His emancipated views towards marriage, gender, and sexual identity made me open-minded as a human being and LGBTQ++ never seemed unnatural to me ever. As I grow older I realise how progressive he was for his times, back when progress was not yet popular!
Today he is 76 and with his dentures, diabetes, one kidney operational, a bypass heart surgery, he still does solo travel and sits in a cafe to enjoy coffee and cake with me, attends a computer class to learn technology with 20 year olds who are all his friends.
I found a man in him who told me marriage as an institution is flawed if you are looking for love but if you seek companionship in the later years, please go ahead and marry if you so desire this great social arrangement. I didn’t quite get it in my teens like I get it now.
I often remember this one story about him: as a young 20 year old, there was a senior Coorgi workmate who spoke out of turn, questioning his family ethics. Baba immediately got up and told him he would quit. When the Coorg man tried to stop him physically Baba gave him a tight slap and resigned. I am not proud of this and he never speaks about this incident to anyone. I get the sense that he regrets it while also feeling his behaviour was authentic to his beliefs.
But by now you get the gist of the person he is. He surely isn’t the one to sit quiet if you belittle him.
Yet I recall as a bride when I stood at the altar getting married into a family that didn’t quite accept me and history repeated itself again.
My late Father in law shouted in a room of over 1000 people at both my parents, he screamed across the hall that he would never accept me into the family as long as he lived.
I saw him not react as he stood hanging his head and quietly he held my hand and said, “walk away if you wish, I am with you.” He didn’t react for my sake, respected my decision and maintained his part of the civility in the choice I had made.
Of course as the years passed I was accepted and finally respected and eventually my father in law during his last days lived with me and Baba came once a week to check on him.
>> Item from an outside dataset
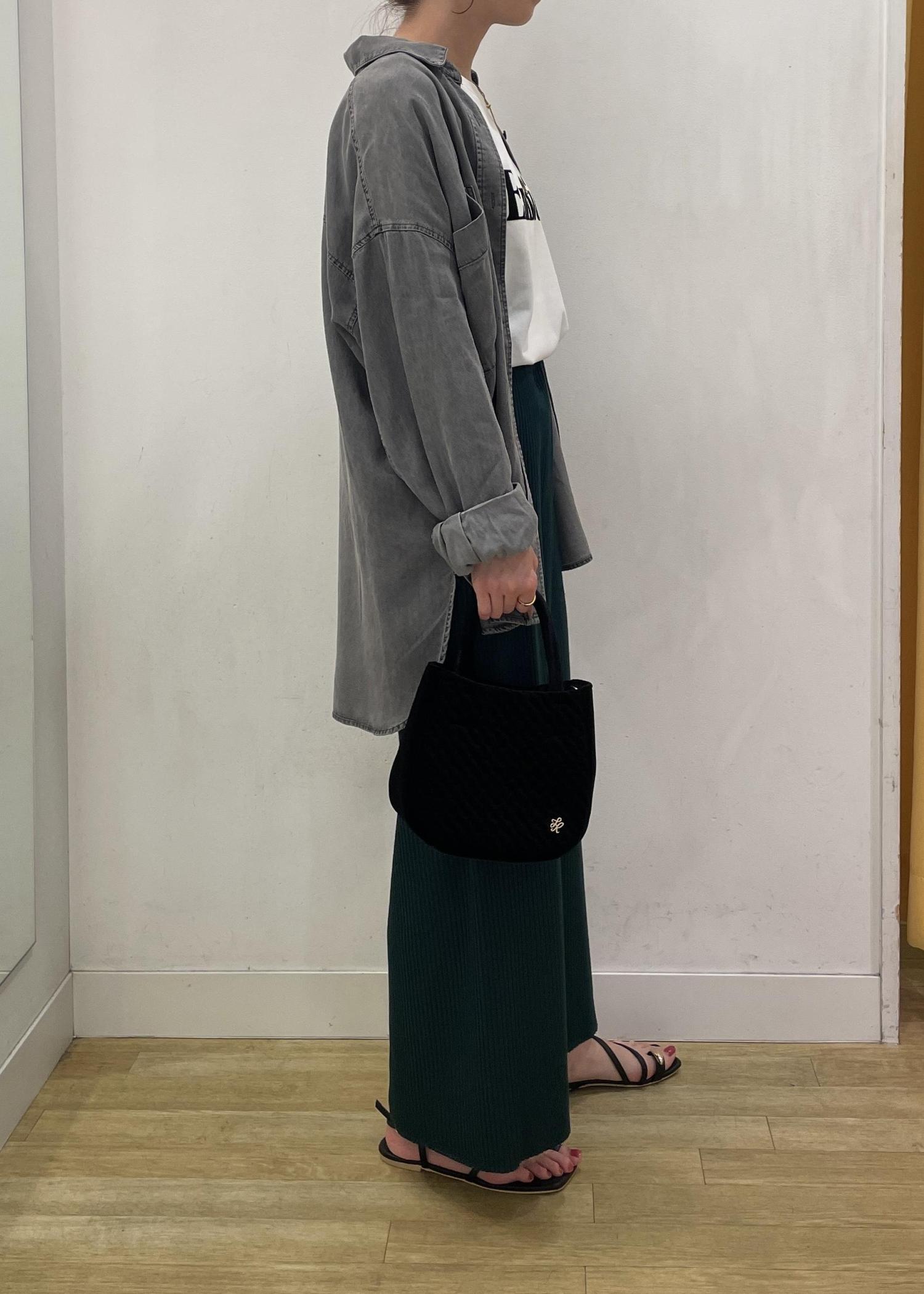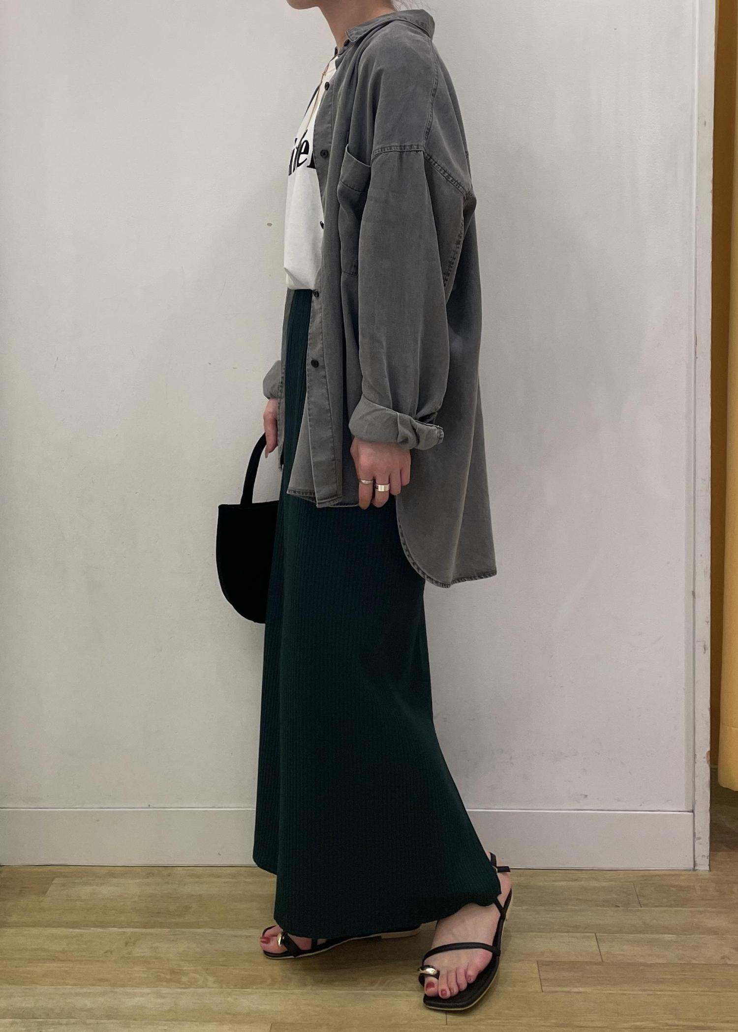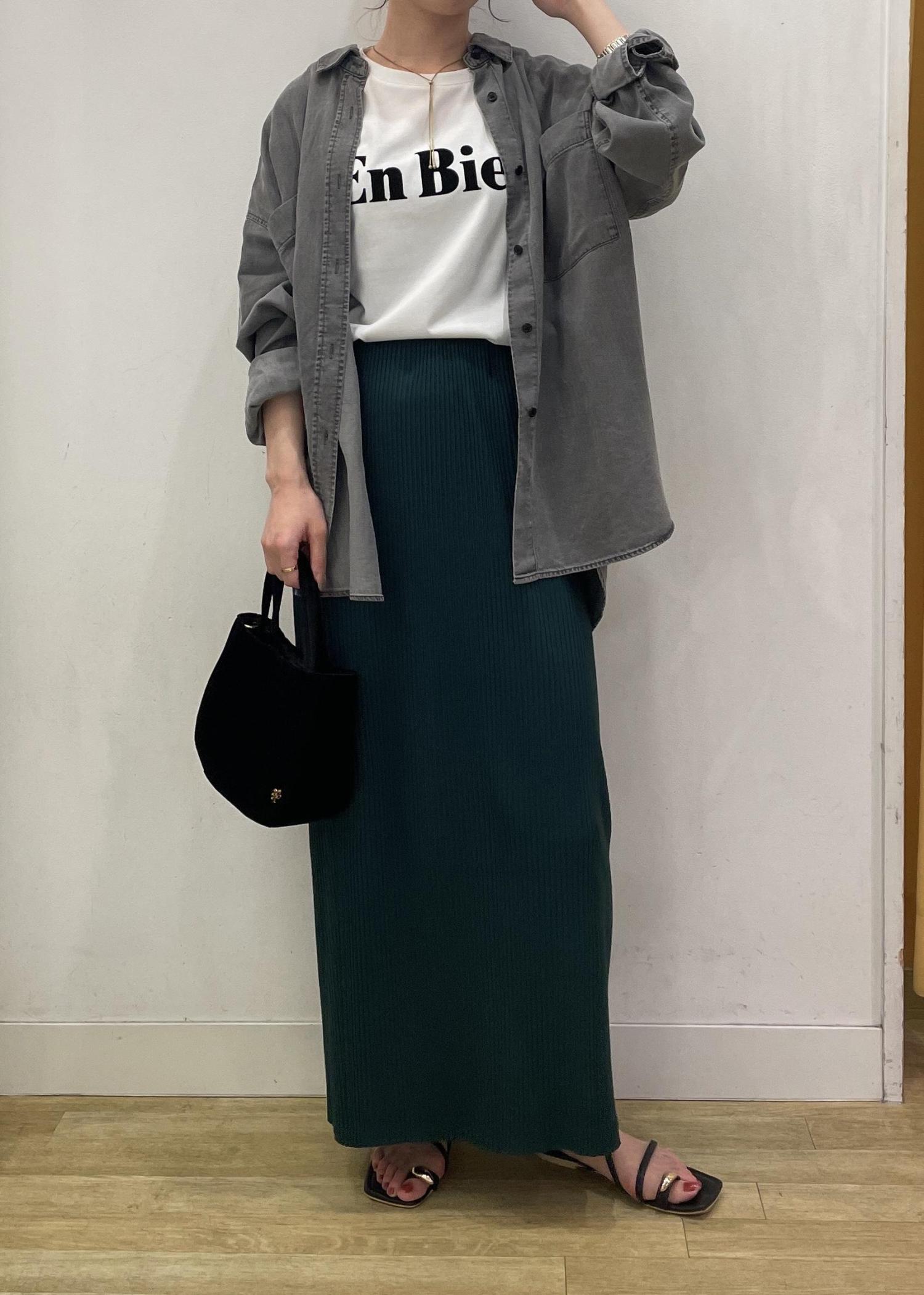 柔らかい生地感のデニム調シャツにTシャツを合わせボトムは深みのあるグリーンカラーを合わせた秋にオススメの大人カジュアルコーデです♡

As we sat for coffee, he told me, “remember to never let the weaker feel lesser because the universe has a way of levelling it out with you this lifetime.” I have not forgotten these words ever.
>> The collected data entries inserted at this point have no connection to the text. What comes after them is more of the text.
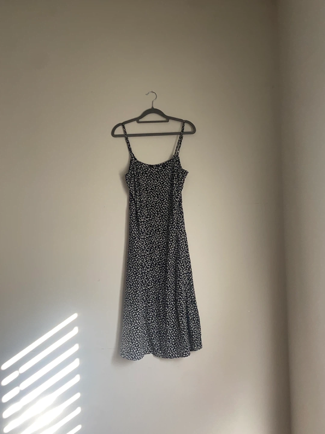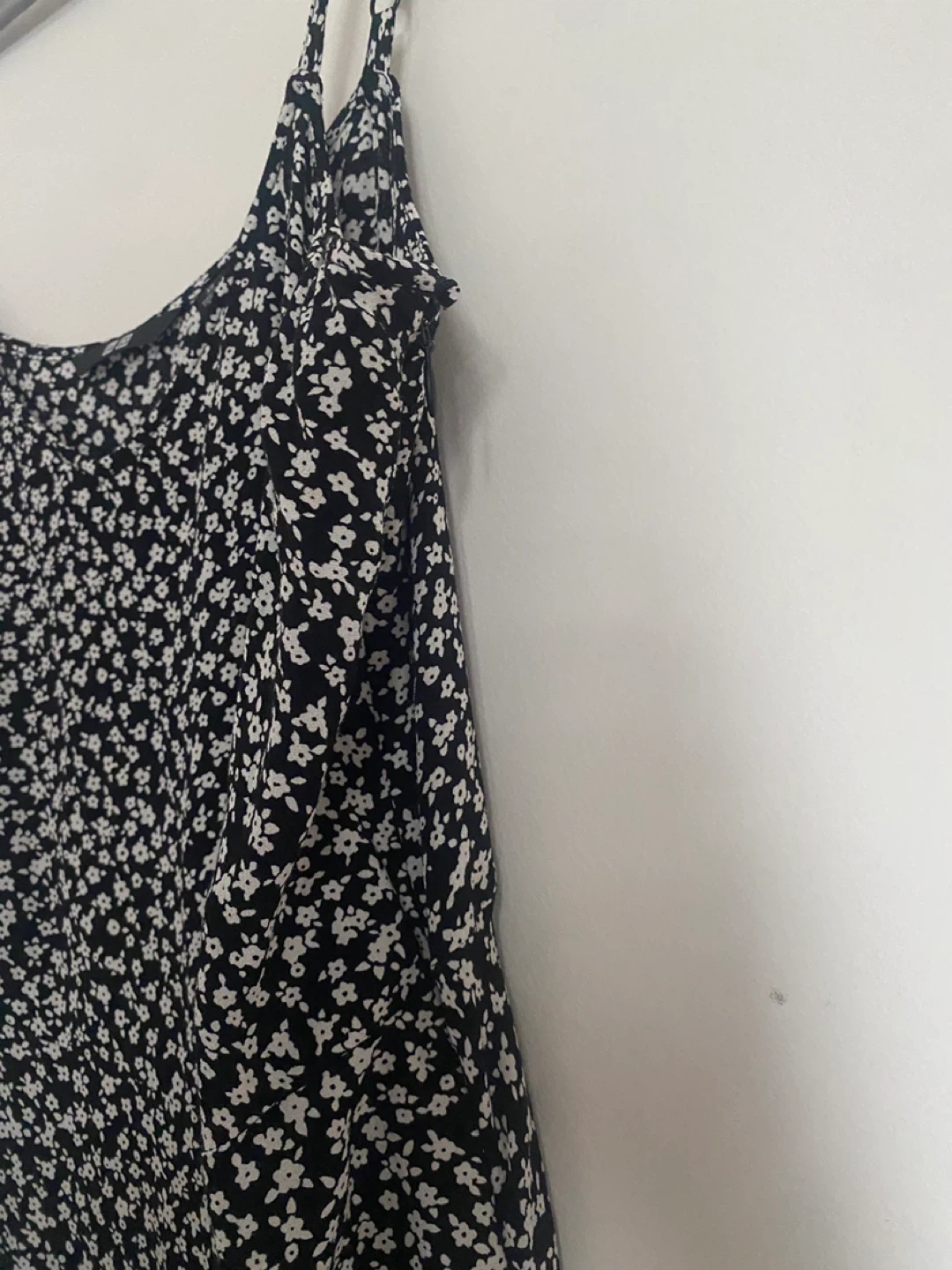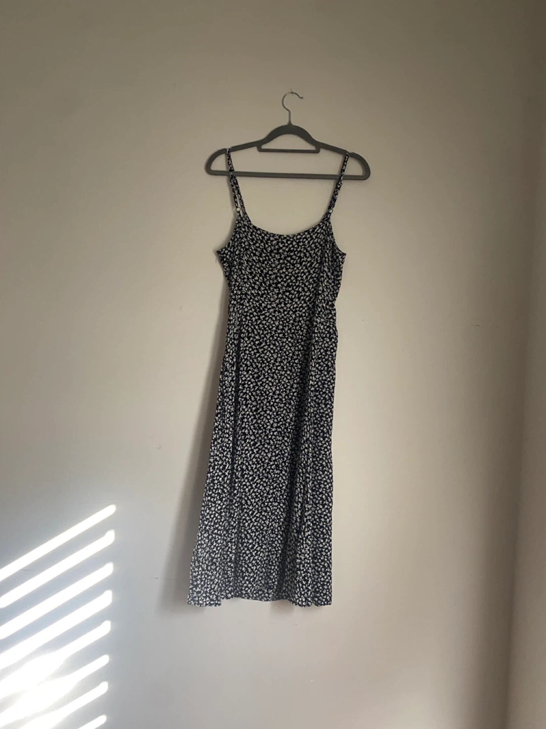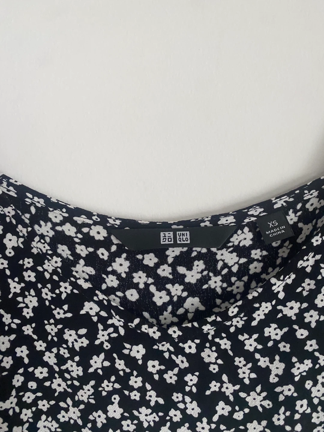 Selling a cute Uniqlo dress with a black and white floral print. It's a size XS and in great condition. Perfect for summer! Only worn once!
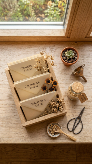 A seed saving station makes your windowsill garden genuinely self-sustaining from one season to the next.
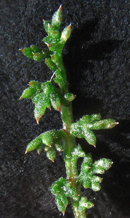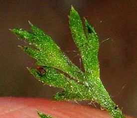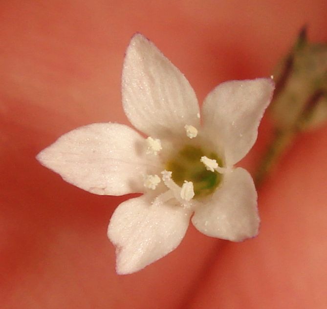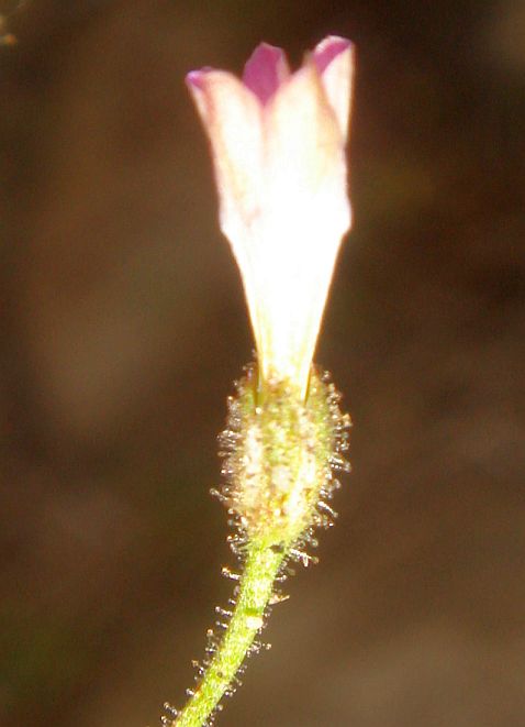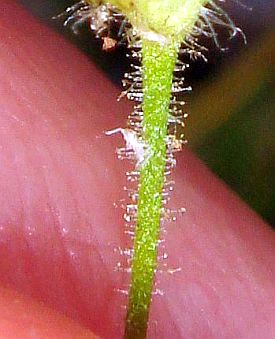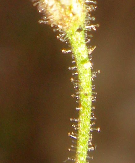 Characteristic G. angelensis G. australis G. stellata Base of Plant Usually a single delicate stem from base Often multiple stems from base Usually a single robust stem from base Leaflet Shape long linear ~linear, but not long linear, somewhat sickle-shaped short and pudgy Leaf hairs translucent ~linear translucent ~linear bent opaque white Pedicel glands long-stalked, clear, gland width much less than stalk length, glands mostly spherical short-stalked, glands about same width as stalk length, mostly flat-topped long-stalked, clear to dark, gland width much less than stalk length, glands mostly spherical, some flat-topped Calyx hairs long, translucent, non-glandular none to sparse like pedicel glands densely glandular, glands clear to black Flower color lobes lavender to white;

I know how important his core beliefs and nature are to him. Yet I have watched him closely compromise on those things when it came to my choices in happiness. That’s how much he loves me.
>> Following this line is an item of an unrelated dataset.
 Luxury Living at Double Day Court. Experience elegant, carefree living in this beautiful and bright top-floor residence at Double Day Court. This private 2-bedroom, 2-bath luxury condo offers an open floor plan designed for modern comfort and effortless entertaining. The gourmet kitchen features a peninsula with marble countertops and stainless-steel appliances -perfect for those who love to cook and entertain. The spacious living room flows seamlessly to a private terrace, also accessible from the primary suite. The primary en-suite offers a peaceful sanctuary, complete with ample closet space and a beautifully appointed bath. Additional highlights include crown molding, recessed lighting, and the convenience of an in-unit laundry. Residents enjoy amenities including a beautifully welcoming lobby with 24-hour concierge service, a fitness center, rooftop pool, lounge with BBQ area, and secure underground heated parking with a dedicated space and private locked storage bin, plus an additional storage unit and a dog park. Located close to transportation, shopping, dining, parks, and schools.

I remain his world and I see him gravitate towards nurturing and mentoring little girls, searching for the little Mohua in them.
He told me a few times as I was growing up, “if you are not brave in telling your story don’t expect others to understand it.”
So today, I pen this story and thank my Baba, who taught me to not join the herd, to learn to swim against the current.
He was the first man in my life. In his more immature days, he criticized me for failing math and broke my confidence in the subject forever, and he lauded my love for literature that became my first love. But I remain under-confident in mathematics forever. This was among a number of his own fears he unknowingly passed onto to me.
Fathers and father figures have the power to make or break a child’s confidence and worldview.
It is said girls seek, for better or for worse, the character of their fathers in the men who come into their lives as adults. So this Father’s Day I dedicate this post to all the men who have daughters and sons: please teach them meaningful masculinity that doesn’t threaten but makes your child question right from wrong and learn the value of being strong to protect and nurture others.
You are playing an extremely important role in creating the value system for your child in the later years.
Happy Father’s Day, Baba. ❤️
P.S. I have been propelled in my comeback career with the most kindest, wonderful Coorgi men and women I have met and been associated with. I learnt that his experiences were his and mine were different and I have proudly evolved from each of these interactions with no past bias whatsoever.